Рогов швырнул очки на скатерть.

— Так надо, — процедил он. — Чей день рождения? Не беспокойся, на твой мы его не позовем.

Сказав это, он подумал, что, может быть, и поторопился. Как знать. Лицо у Рогова стало пунцовым. Он поджал губы, и жена испугалась.

— Да ради бога, пусть приходит, — сказала она. — Тарелок хватит. Что мне надеть?

— Страусовое боа, — ответил Рогов, лег на диван и уставился в мертвый телеэкран.

***

Замешательство было предсказуемо и возникло, конечно, уже на пороге.

Оба побагровели от стыда при виде друг друга.

— Да-да, заходите, — ровно проговорил Рогов. — Спасибо. Вешалка вон там.

Макаров начал развязывать мешок.

— Что это? — невольно спросил хозяин.

— Сменка, — затравленно хихикнул Макаров. — Со школы еще мешочек. Лет тридцать ему!

— Не надо сменку, вот вам тапочки.

Макаров успел показать штиблеты из искусственного крокодила. Рогов успел их заметить. Макаров затолкал их обратно в мешок.

Рогов глянул по сторонам, не понимая, куда поставить вазу и коньяк. Гость раздевался долго, а стоять и держать их было очень глупо.

— Короче, проходите, — наконец бросил Рогов, поставил все на столик и удалился в гостиную.

Пригладив бороду и застенчиво улыбаясь, Макаров явился обществу. Он прибыл к столу в носках, забыв о тапочках.

По пути к Рогову он в сотый раз прикидывал, как лучше себя вести. Решил держаться с невозмутимым достоинством. Он считал себя униженной и оскорбленной стороной, но выпятить это в торжественный день казалось подлым. Угодничать он тоже не хотел, однако все эти мысли вылетели из головы, как только Рогов ему открыл.

Едва Макаров сел за стол, к нему метнулся сынишка хозяина. Он сунул ему страшного робота с горящими глазами. Механизм закрякал что-то грозное.

— Вот что у меня! — выпалил кроха.

— Молодец! — фальшиво воскликнул Макаров. — Будешь умный, как папа! — добавил он, имея в виду непонятно, кого — сынишку или робота.

Рогов побледнел.

— Кто тебе разрешил разговаривать? — осведомился он, обращаясь тоже непонятно к кому из троих.

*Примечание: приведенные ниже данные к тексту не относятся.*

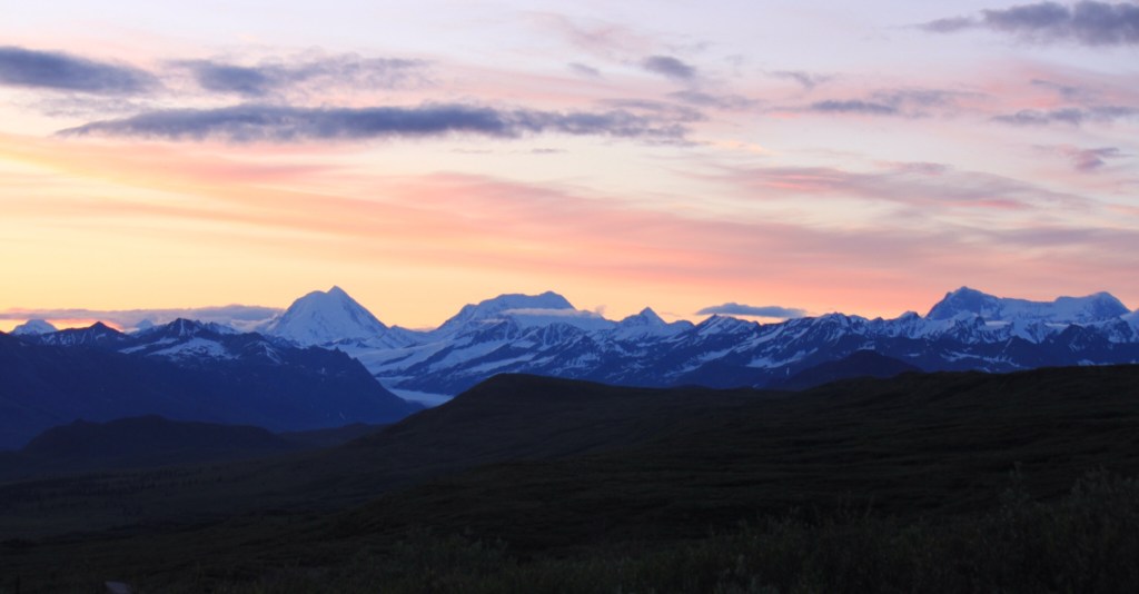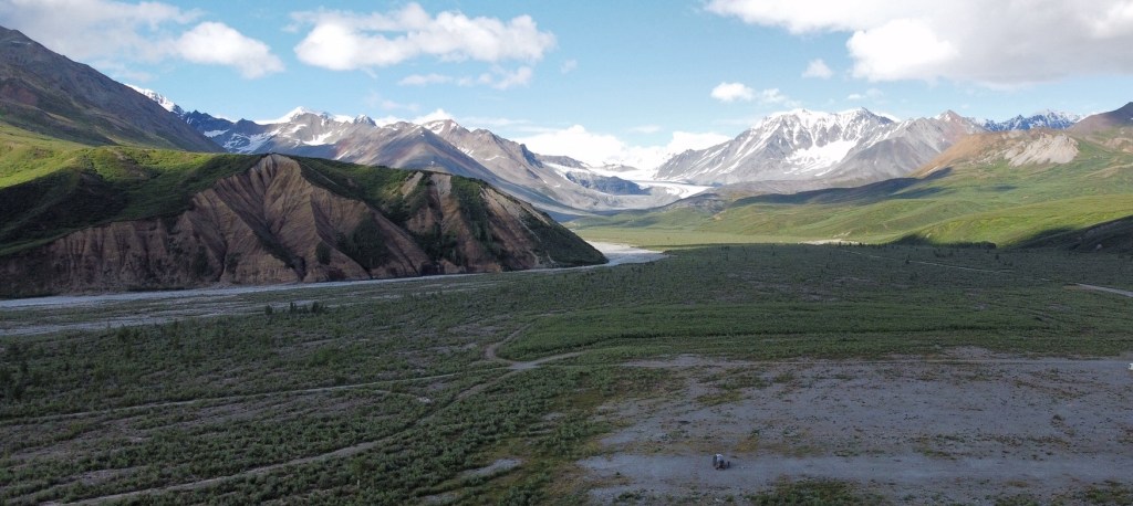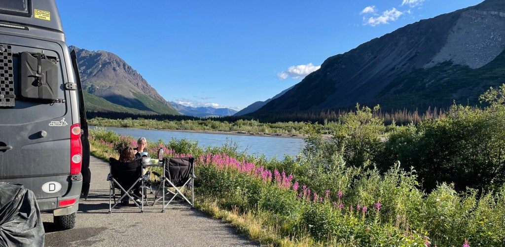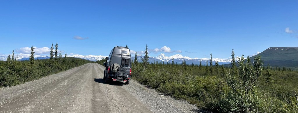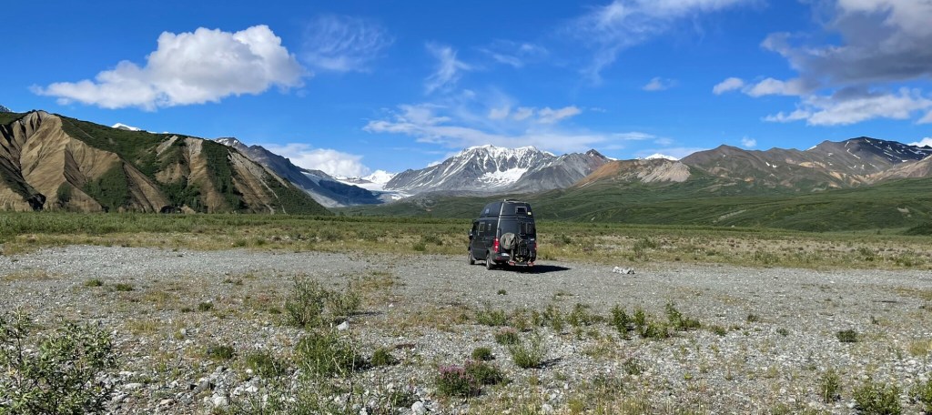 Guten Morgen, der erste Blick aus dem Fenster bestätigt mir, dass ich das Gestern nicht nur geträumt habe. Das da draußen ist Realität! Wieder einmal müssen wir uns klar machen, wie schön es ist, das erleben zu dürfen. Irgendwie ist es einfach unglaublich in dieser Umgebung einfach so übernachten zu können und am nächsten Morgen mit Blick auf ein unfassbares Bergpanorama zu frühstücken. So verbringen wir noch eine ganze Menge Zeit an diesen schönen Ort, trinken einen zweiten Kaffee im Freien, gehen spazieren und staunen die Alaska Range im Norden einfach nur an.
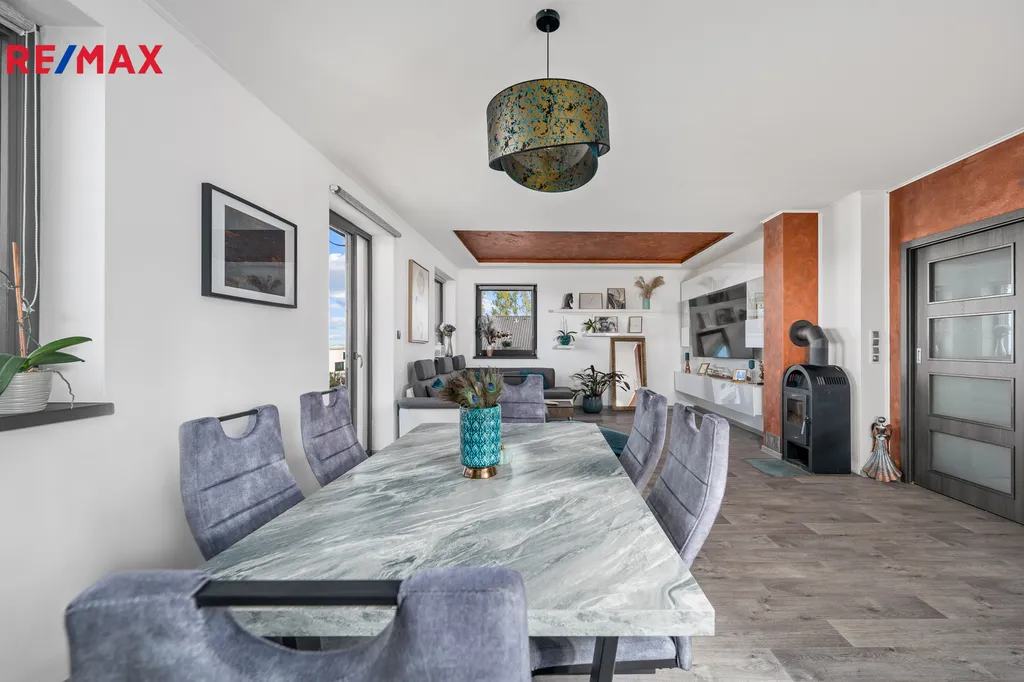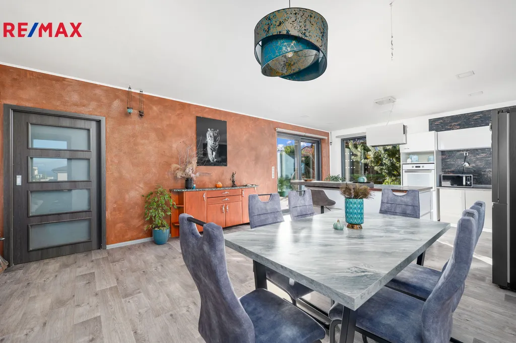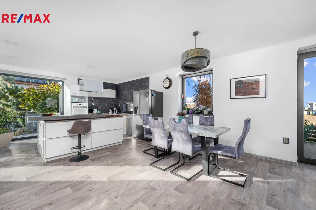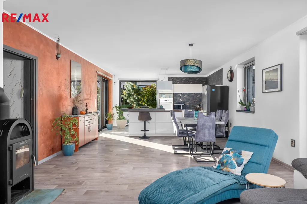 Dům nabízí 4 pokoje, které nabízí pohodlný život pro rodinu a jsou se samostatnými vstupy. Obývací pokoj, který je propojený s kuchyní s ostrůvkem a dále se zde nachází krbová kamna, která jsou ideální k posezení s celou rodinou a k relaxaci. Dům je velice prakticky navržen, vstupuje se chodbou, kde je na míru dělaná šatna, po pravé straně se nachází zádveří, dále navazuje na technickou místnost. Prostorná koupelna se sprchovým koutem, dvoj umyvadlem a vanou a WC, samosatný WC. Po pravé straně se nachází samostatná ložnice, dále 2 dětské pokoje a chodbou se navazuje vstupem do obytné místnosti s kuchyní. Velmi krásně řešený, kde rodina najde zázemí a pohodlí. Kuchyňská linka Vám nabízí plnohodnotný osvícený ostrůvek s barem, kde se nachází indukční varná deska, dále je kuchyň řešená do L.
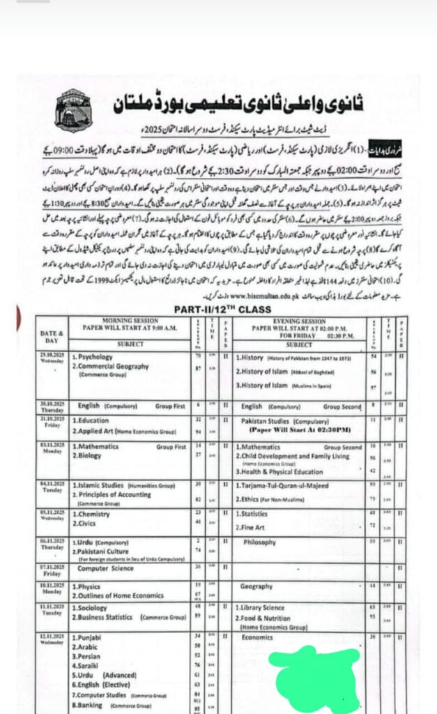 BISE Multan 12th Class (Part-II) Date Sheet 2025
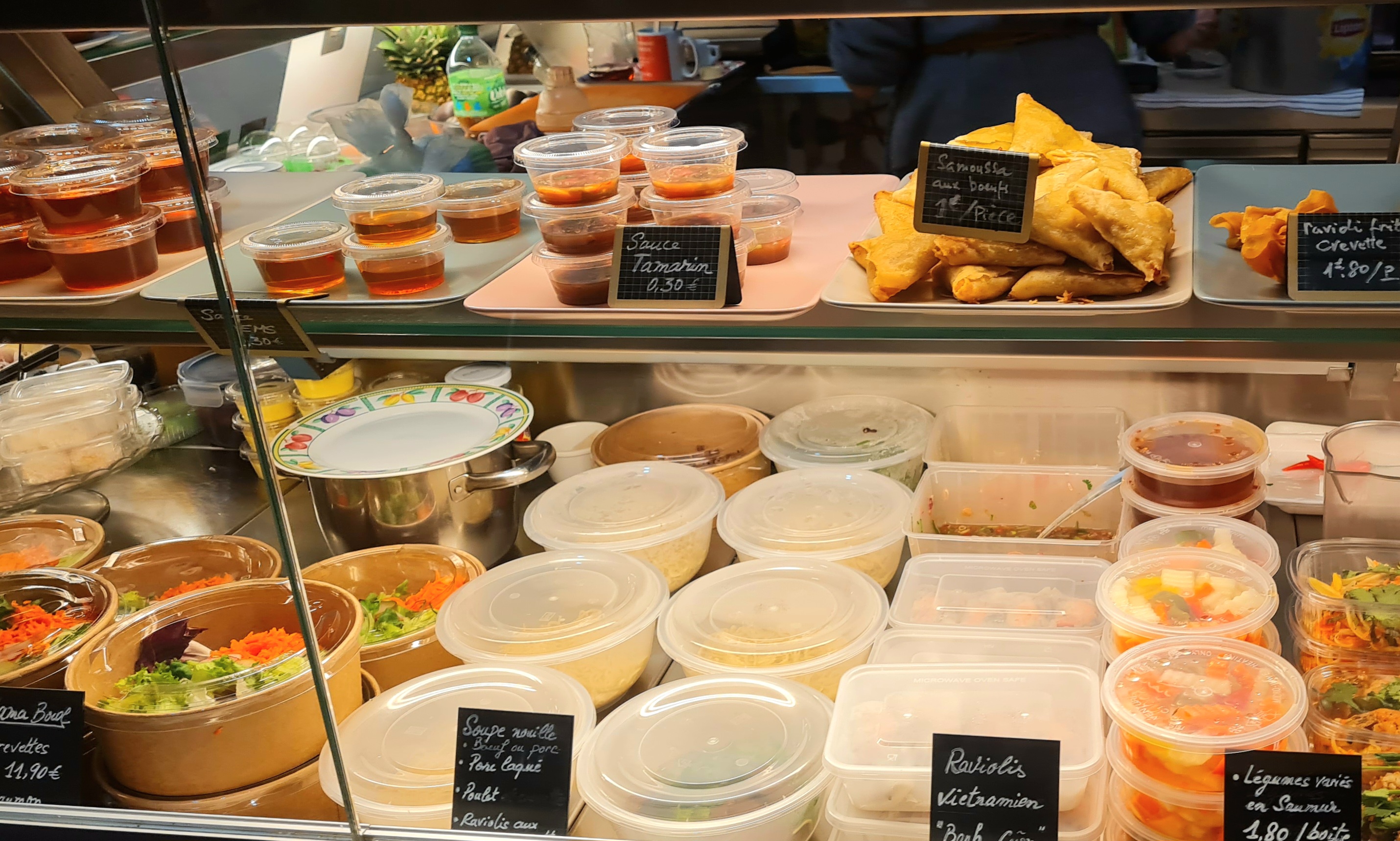 Très bon traiteur ouvert depuis moins d'un an qui est l'ancien gestionnaire du restaurant wing heng juste en face. La nourriture est bonne et fraîche. Certaines salades sont originales et mélangent sucrée et salée. Comptez une dizaine d'euros pour manger. Pour manger sur place ce n'est pas très grand, capacité de 12 personnes en intérieur et 8 en extérieur. Ils font surtout de la vente à emporter.

— Давайте кушать, — вмешалась теща.

Всем разлили. Нужен был тост, и повисло молчание. Было понятно, что в узком семейном кругу такие церемонии не приняты. Никто не ждал речей от Макарова, но больше высказаться оказалось некому.

— Ну, за вас! — грубо сказал гость, решившись двинуться напролом.

— Спасибо, — бесцветно откликнулся Рогов, аккуратно чокнулся с каждым, выпил и положил себе салат.

Макаров робко взял два огурчика и шпрот.

— Латышские шпроты, — подала голос жена. — Представляете, были — я даже удивилась и взяла две.

— Латвийские, — машинально поправил Рогов. — Две — чего?

— Банки.

— Вот так и говори.

— Мне их масло очень нравится, — заметил Макаров, окунул в банку хлеб и отправил в рот, но не весь, на вилке еще осталось, и он обмакнул его снова.

Рогов молча наполнил рюмки. Салат лежал на его тарелке нетронутый.

— Теперь за родителей! — пригласил Макаров, обретший некоторую уверенность. Он дружелюбно посмотрел на тещу и тестя Рогова.

— Они скончались, — сказал хозяин.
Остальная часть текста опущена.